What is needed: Beneath this line are entries. Copy the range from the line with "Scott Joplin's ragtime" to the line with "Adibidea. O°C-tan dagoen", ends included, exactly; leave pictures out.

Records for the exercise:
·····
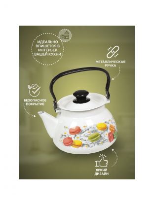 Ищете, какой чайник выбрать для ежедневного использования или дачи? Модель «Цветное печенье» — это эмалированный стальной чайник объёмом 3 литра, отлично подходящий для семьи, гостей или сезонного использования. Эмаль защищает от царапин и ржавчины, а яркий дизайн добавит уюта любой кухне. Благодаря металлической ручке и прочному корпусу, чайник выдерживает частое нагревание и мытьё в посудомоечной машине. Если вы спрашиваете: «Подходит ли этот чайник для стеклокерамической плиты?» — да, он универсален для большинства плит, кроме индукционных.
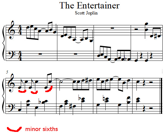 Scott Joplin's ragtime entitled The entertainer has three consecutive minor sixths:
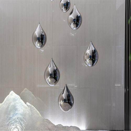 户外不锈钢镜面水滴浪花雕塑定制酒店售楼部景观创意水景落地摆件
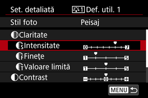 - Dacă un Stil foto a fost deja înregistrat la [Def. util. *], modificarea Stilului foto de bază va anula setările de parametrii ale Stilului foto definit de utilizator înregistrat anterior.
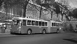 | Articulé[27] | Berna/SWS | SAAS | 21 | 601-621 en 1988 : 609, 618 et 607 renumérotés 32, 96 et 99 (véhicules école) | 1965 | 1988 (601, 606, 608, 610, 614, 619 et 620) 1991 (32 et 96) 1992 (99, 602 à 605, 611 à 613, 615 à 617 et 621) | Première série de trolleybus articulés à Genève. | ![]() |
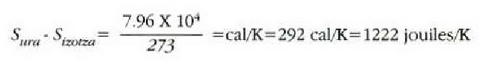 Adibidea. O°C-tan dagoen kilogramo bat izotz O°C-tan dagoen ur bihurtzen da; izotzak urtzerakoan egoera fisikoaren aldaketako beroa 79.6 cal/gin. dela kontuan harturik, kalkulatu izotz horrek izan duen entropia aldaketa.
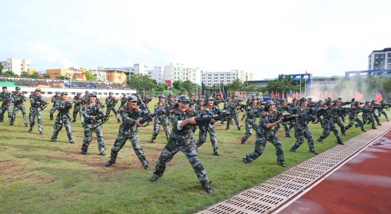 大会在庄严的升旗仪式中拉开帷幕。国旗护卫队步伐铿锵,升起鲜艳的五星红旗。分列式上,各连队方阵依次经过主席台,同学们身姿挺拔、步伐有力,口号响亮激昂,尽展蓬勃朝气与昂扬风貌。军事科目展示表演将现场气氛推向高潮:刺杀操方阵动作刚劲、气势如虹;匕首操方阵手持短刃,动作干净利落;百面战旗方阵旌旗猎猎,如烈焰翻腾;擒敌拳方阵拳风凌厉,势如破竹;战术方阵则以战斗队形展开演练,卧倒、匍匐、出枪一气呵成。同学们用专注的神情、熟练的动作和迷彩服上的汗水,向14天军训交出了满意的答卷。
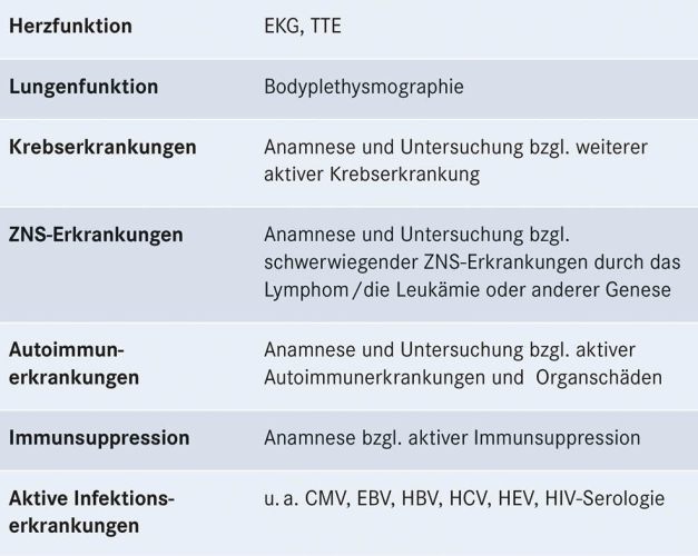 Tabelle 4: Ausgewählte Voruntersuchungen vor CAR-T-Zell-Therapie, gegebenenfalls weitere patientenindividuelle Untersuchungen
·····
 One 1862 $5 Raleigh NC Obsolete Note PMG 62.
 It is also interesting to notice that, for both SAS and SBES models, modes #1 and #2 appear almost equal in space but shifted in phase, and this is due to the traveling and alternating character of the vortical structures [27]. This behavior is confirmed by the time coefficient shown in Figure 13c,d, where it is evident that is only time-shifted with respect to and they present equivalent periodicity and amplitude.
·····
Response box:
 Scott Joplin's ragtime entitled The entertainer has three consecutive minor sixths:
 户外不锈钢镜面水滴浪花雕塑定制酒店售楼部景观创意水景落地摆件
 - Dacă un Stil foto a fost deja înregistrat la [Def. util. *], modificarea Stilului foto de bază va anula setările de parametrii ale Stilului foto definit de utilizator înregistrat anterior.
 | Articulé[27] | Berna/SWS | SAAS | 21 | 601-621 en 1988 : 609, 618 et 607 renumérotés 32, 96 et 99 (véhicules école) | 1965 | 1988 (601, 606, 608, 610, 614, 619 et 620) 1991 (32 et 96) 1992 (99, 602 à 605, 611 à 613, 615 à 617 et 621) | Première série de trolleybus articulés à Genève. | ![]() |
 Adibidea. O°C-tan dagoen kilogramo bat izotz O°C-tan dagoen ur bihurtzen da; izotzak urtzerakoan egoera fisikoaren aldaketako beroa 79.6 cal/gin. dela kontuan harturik, kalkulatu izotz horrek izan duen entropia aldaketa.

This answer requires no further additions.